(Click here to view article in digital edition)
Technically, the water industry is well set up to take advantage of a digitalised world. The industry is wrapped in telemetry, with PLCs and SCADA systems capturing more data on temperatures, pressures and flows than they currently know what to do with. While today’s sensors and controls generate an abundance of data, there is often not enough analytics done to turn it into usable information, creating a scenario of data richness/information poverty. We need the right information, with the correct accuracy, to the right people in an easy and digestible format.
Presently, most data flows in one direction. Companies are reluctant to connect to the IoT and the cloud to bring on stream, say a pump or compressor, in another location as system demands change.
Taking advantage of this technology, however, lets them work in an optimised and efficient way. For instance, remote operation helps avoid the need to send an engineer to site, saving considerable time and costs. But the reluctance to control an asset remotely is the biggest mindset change needed.
The quandary facing the sector is that to improve efficiency, they need the ability afforded by the IoT to respond to changes in demand in real time. Additionally, having immediate, real-time access to the condition of all assets, provides the clearest picture yet as to what is likely to fail and when. The cost savings through predictive maintenance planning is enormous.
The industry is certainly not short of innovations. There are many companies out there offering a huge portfolio of “smart” devices and disruptive technologies that give deep insights into asset conditions.

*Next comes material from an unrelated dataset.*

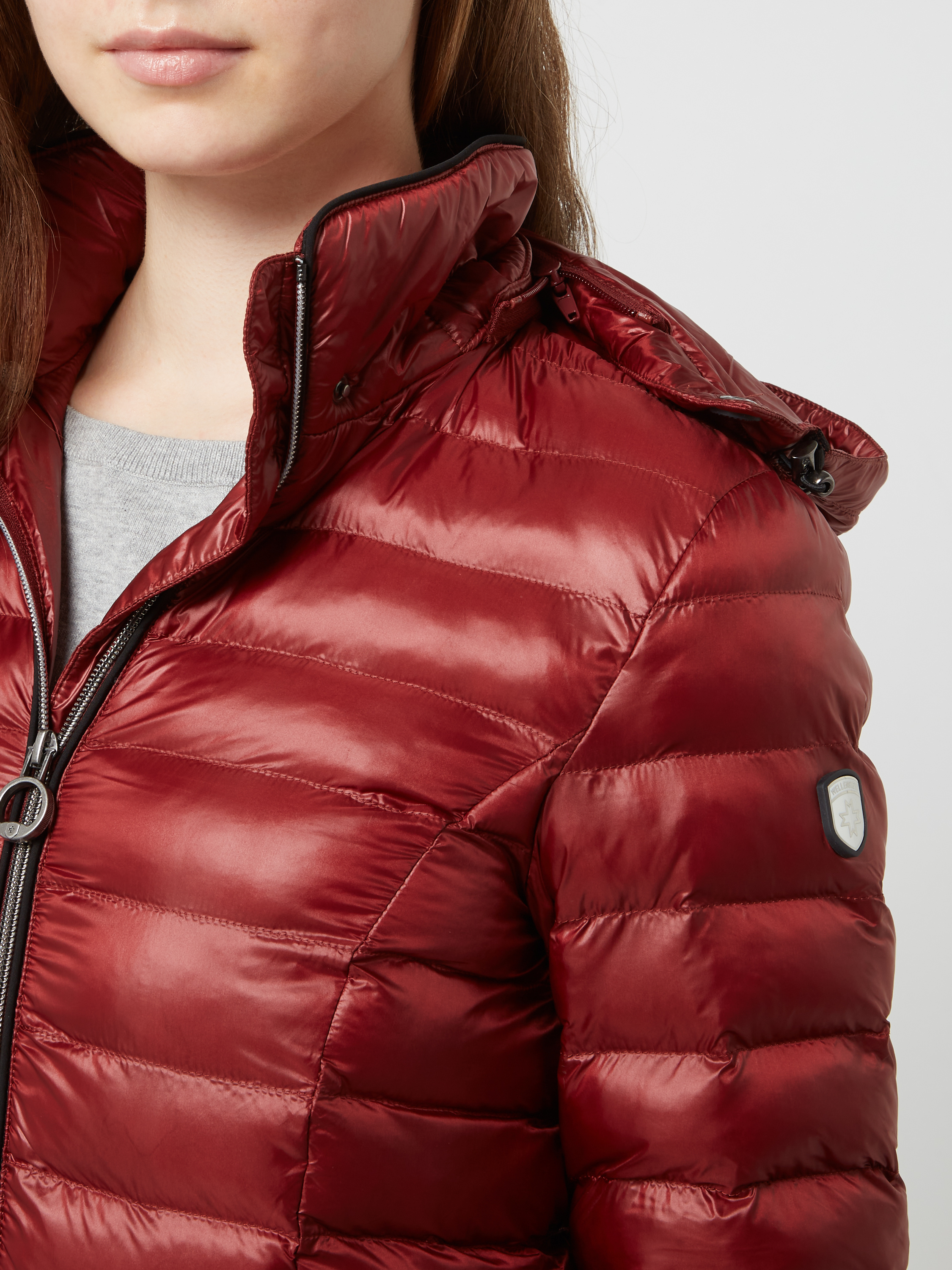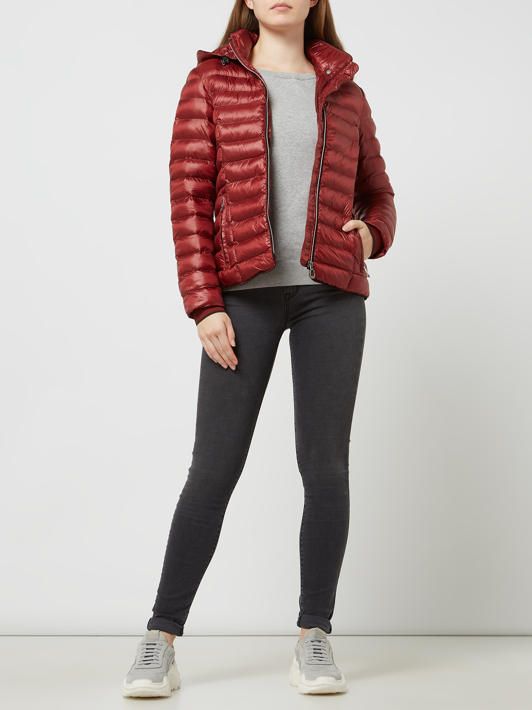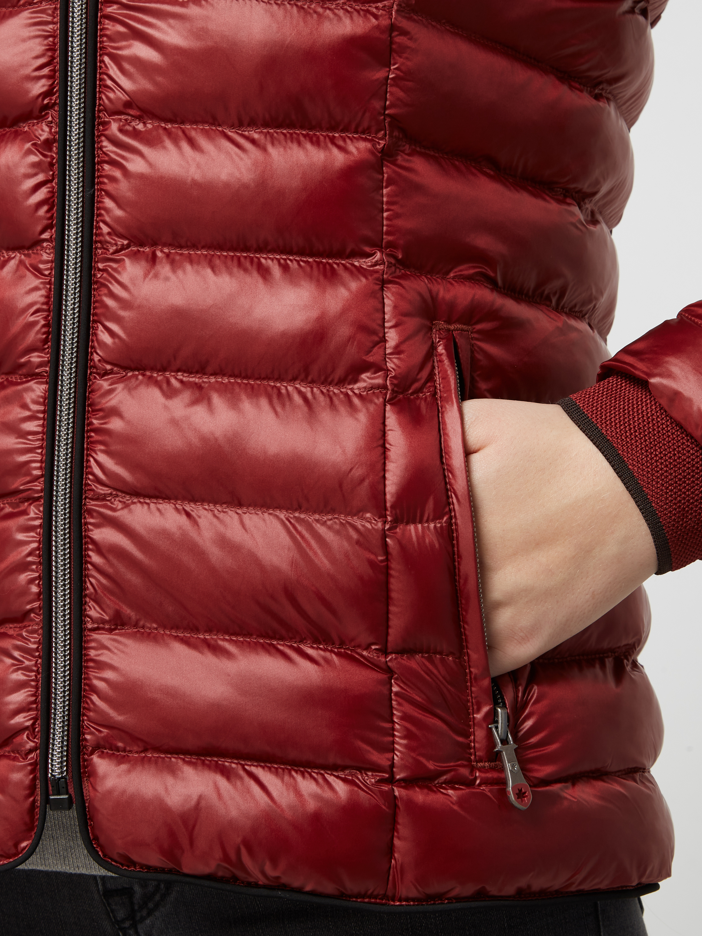 Shaped fit gewatteerd jack met afneembare capuchon, model 'ITALY HOOD' in lichtrood

Take, for example, the humble low voltage (LV) induction motor. There are hundreds spread throughout the water and wastewater industry. Traditionally it has been too expensive to monitor the condition of each LV motor on an individual basis. Most are run until they fail, before being swapped out, maybe with a new motor or one that has been rewound.
Now, however, ABB’s smart sensor attaches, without wires, to the frame of the motor. By converting regular LV motors into intelligent, connected machines, the smart sensor enables advanced maintenance planning that will help businesses to cut costs and boost productivity. Predictive analytics based on data from the solution can reduce downtime by up to 70 percent, extend motor lifetime by as much as 30 percent and cut energy consumption by up to 10 percent.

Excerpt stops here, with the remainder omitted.